You should avoid irritating your skin at all costs with rosacea, which means never scrubbing away at your face with harsh cleansers. Dr Justine (and half of social media) recommends this Cerave hydrating cleanser as it's so gentle. 


Both Gallagher and Partington say that starting to use azelaic acid was a revelation for their rosacea. It's a skincare ingredient known for helping reduce red texture by tackling inflammation. This affordable serum from The Inkey List means you don't have to break the bank to see results.


The trusted SPF: Heliocare Mineral Tolerance Fluid, £31

Sun exposure can make rosacea flares more common, as the sun's UV rays cause inflammation in your skin. (Plus, you'll look even more flushed if you burn). That means you need a high-factor, broad-spectrum SPF. Heliocare's award-winning formula is 100% mineral meaning it's kind to sensitive complexions.


A compromised skin barrier exacerbates sensitivities, so your rosacea-tackling routine should contain a hydrating serum to draw moisture into your skin. This one from La Roche Posay contains 10% soothing panthenol (vitamin B5), which is intensely hydrating and has been shown in studies to support the skin barrier and reduce moisture loss.
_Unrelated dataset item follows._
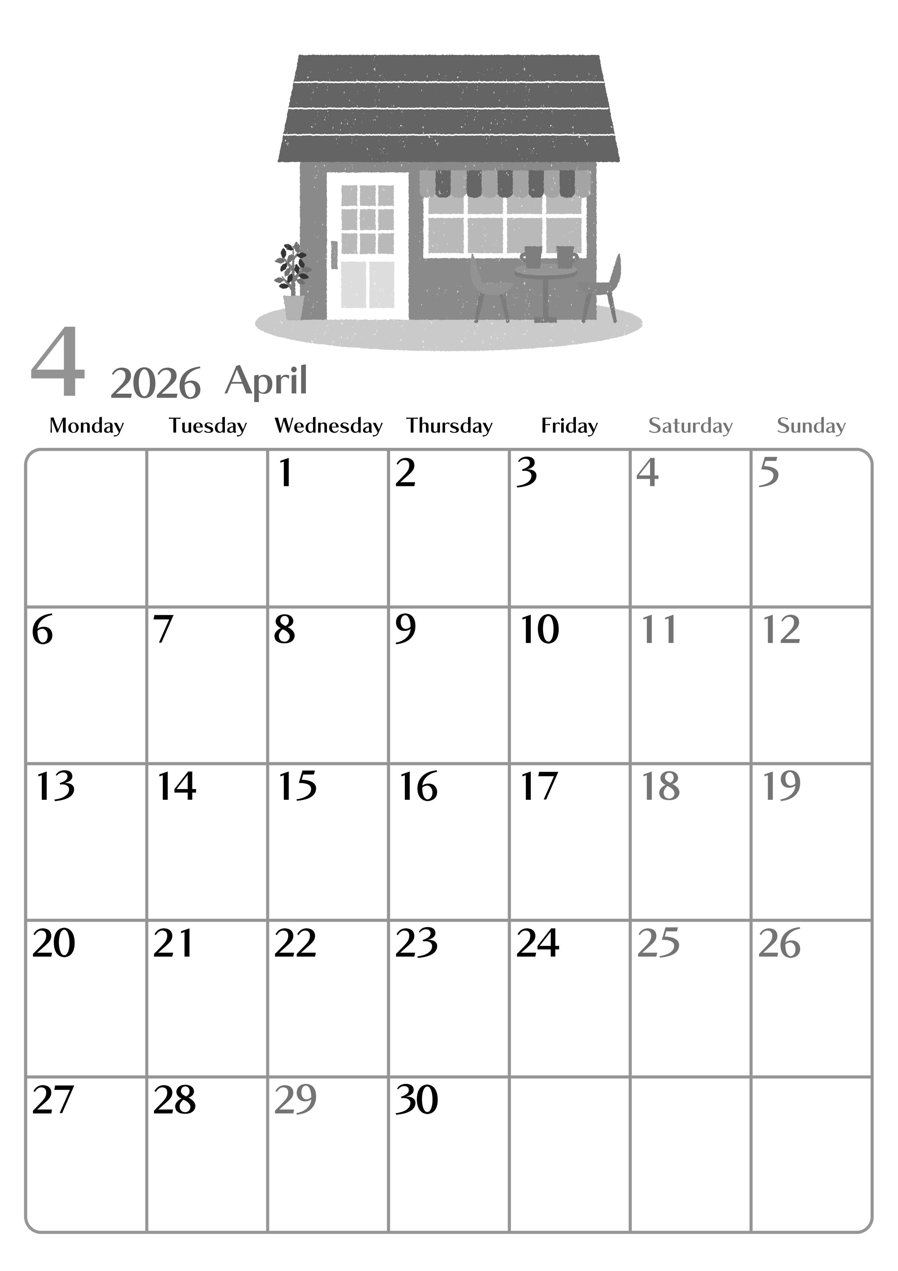 2026年4月縦型モノクロの月曜始まりの無料テンプレート白黒カレンダーです。縦型レイアウトの白黒カレンダーなので壁に画鋲で貼ってスケジュールを見える化するために便利です。新生活を思わせるお家のイラストもシンプルでおしゃれなワンポイントです。(2026-00470411)

The protective balm: Skinceuticals Epidermal Repair, £80

If you struggle with post-shower flare-ups, firstly, you may want to turn your water temperature down a degree or two. But, if you are still struggling, Gallagher and Dr Hextall recommend this simple trick; apply a thick layer of barrier-boosting moisturiser before you shower. This will lock moisture into your skin and form a protective film against your potentially skin-irritating shampoo. 


The accessible prescription product: Skin&Me Daily Doser, from £29.99

Getting an appointment with a dermatologist can be incredibly helpful if you suspect you have rosacea but we know that it can be costly and time-consuming. Online services such as Skin&Me offer a more accessible solution, whereby you can get tailored prescription formulas for your rosacea through digital-based consultations. 
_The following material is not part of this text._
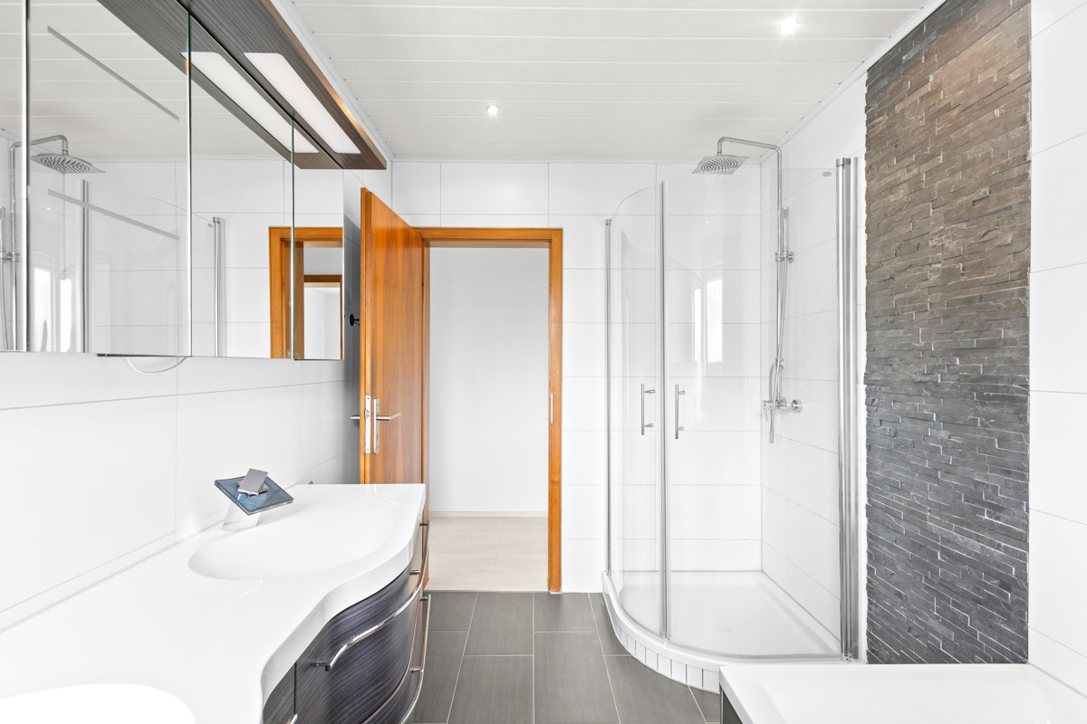 Ergänzt wird das Raumangebot durch ein modernes Tageslichtbad mit Badewanne, ein separates Gäste-WC sowie eine hochwertig ausgestattete Einbauküche, die nicht nur funktional, sondern auch optisch überzeugt.

The rosacea-safe wrinkle reducer: Skinbetter Science AlphaRet, available from Get Harley

If you thought you couldn't use retinoids when you have rosacea, think again. With the right formula, you can. This clever cream is recommended by multiple dermatologists for targeting fine lines and uneven tone, without causing a flare-up. You will want to start using it very slowly, but it proves rosacea doesn't have to limit your other skin goals.


The redness-reducing cover up: IT Cosmetics CC+ Cream SPF50+, £36.50

Open the makeup bags of many skin experts with rosacea and you're likely to find this CC cream inside. It's so loved because it gives you the coverage you need when your skin is particularly red, but leaves you with a natural-looking glow base that doesn't sit on your skin like a mask.